International Mood Center, University of California at
San Diego, La Jolla 92093-0603, USA.
BACKGROUND: Borderline
personality disorder (BPD) has long defined definitive treatment. Such
failure is reflected in repeated suicidal crises, often associated with
dysphoric symptoms of a chronic fluctuating nature, whose labile
intermittent character does suggest a subthreshold bipolar depressive
mixed state. For all these reasons, we hypothesized that the
anticonvulsant lamotrigine, touted to be a mood stabilizer with
antidepressant properties, might be uniquely beneficial for these
patients. METHODS: From a base rate of about 300 patients in a community
mental health center, we identified eight patients meeting seven or more
of the DSM-IV criteria for BPD without concurrent major mood disorders.
All patients presented with history of severe suicidal behavior, hostile
depression and/or labile moods, stimulant and alcohol abuse, as well as
multiple unprotected sexual encounters; one patient was actually HIV
positive. All had failed previous trials with different antidepressants
and mood stabilizers. All current medications were gradually
withdrawn--and when necessary--patients kept on a low dose of a
conventional neuroleptics for a few weeks, while lamotrigine was being
gradually introduced in 25-mg weekly increments until the patient
responded (up to 300 mg/day maximum). RESULTS: Consistent with previous
work by us and others, bipolar family history could be documented in
three of eight BPD patients, and worsening on antidepressants in four of
eight, providing indirect support to our conceptualization of BPD as a
bipolar variant. One patient developed a rash on 25 mg and was dropped
from the lamotrigine trial, while another patient was noncompliant.
Three who failed lamotrigine, subsequently responded, respectively, to
sertraline, lithium-thioridazine combination, and valproate. The
remaining three patients showed a robust response to lamotrigine,
ranging from 75 to 300 mg/day: their functioning jumped from a mean
baseline DSM-IV GAF score in the 40's to the 80's during 3-4 months.
Among all responders impulsive sexual, drug-taking and suicidal
behaviors disappeared and no longer met the criteria for BPD. At an
average follow-up of 1 year, they no longer meet criteria for BPD.
LIMITATIONS: Open uncontrolled results on a small number of patients in
a tertiary care center may not generalize to BPD patients at large.

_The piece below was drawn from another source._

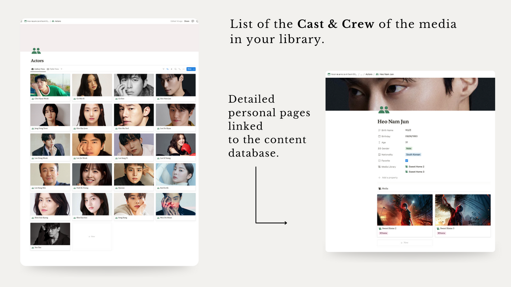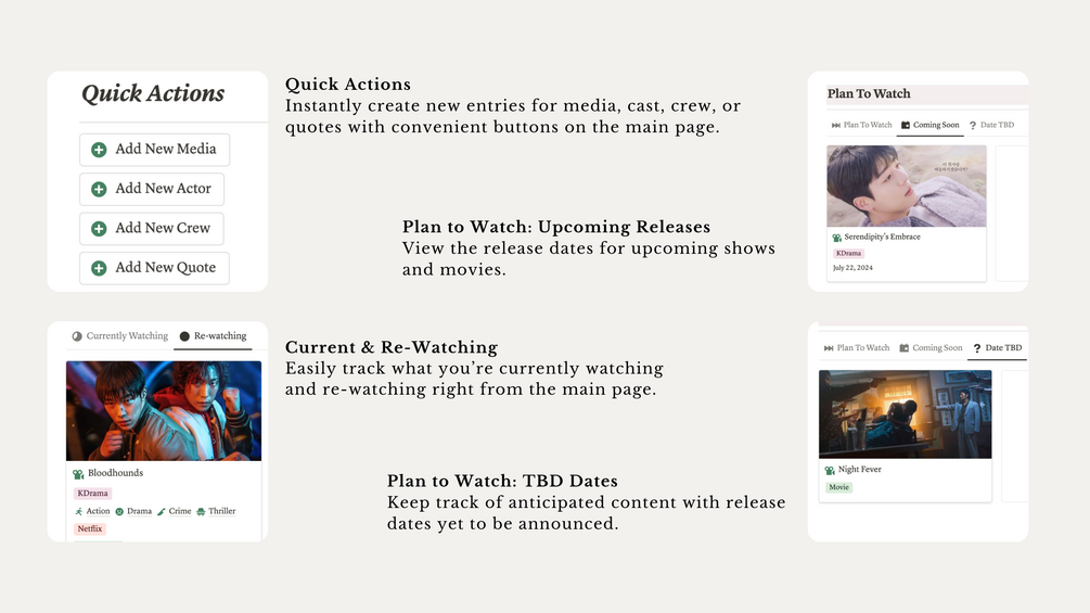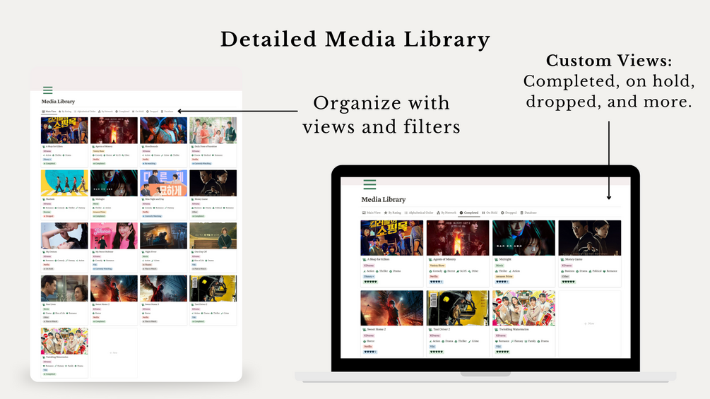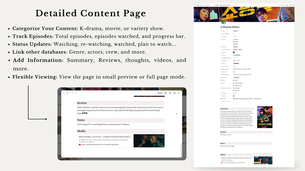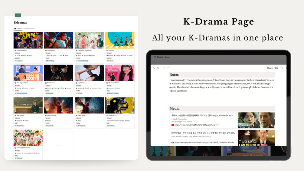 - Copyright: Please note that the Notion template you will receive does not include the actual Kdramas or movies shown in the promotional photos or tutorial videos due to copyright restrictions. The examples provided in the final template are fictional. Additionally, there are only a few examples, making it easier for you to quickly delete them and add your own content.

CONCLUSIONS: Overall, the BPD response to pharmacotherapy in the present
case series was 75%. The fact that five of six pharmacotherapy
responders required mood stabilizers, argues against the prevalent view
that the depressions of borderline patients belong to unipolarity. Of
BPD patients who completed the trial, 50% achieved sustained remission
from their personality disorder with lamotrigine monotherapy. The
dramatic nature of the response in patients refractory to all previous
medication trials and maintenance of a robust response over 1 year,
argue against a placebo effect. Controlled systematic investigation of
lamotrigine in BPD is indicated.
Publication Types:
PMID: 10333987 [PubMed - indexed for
MEDLINE]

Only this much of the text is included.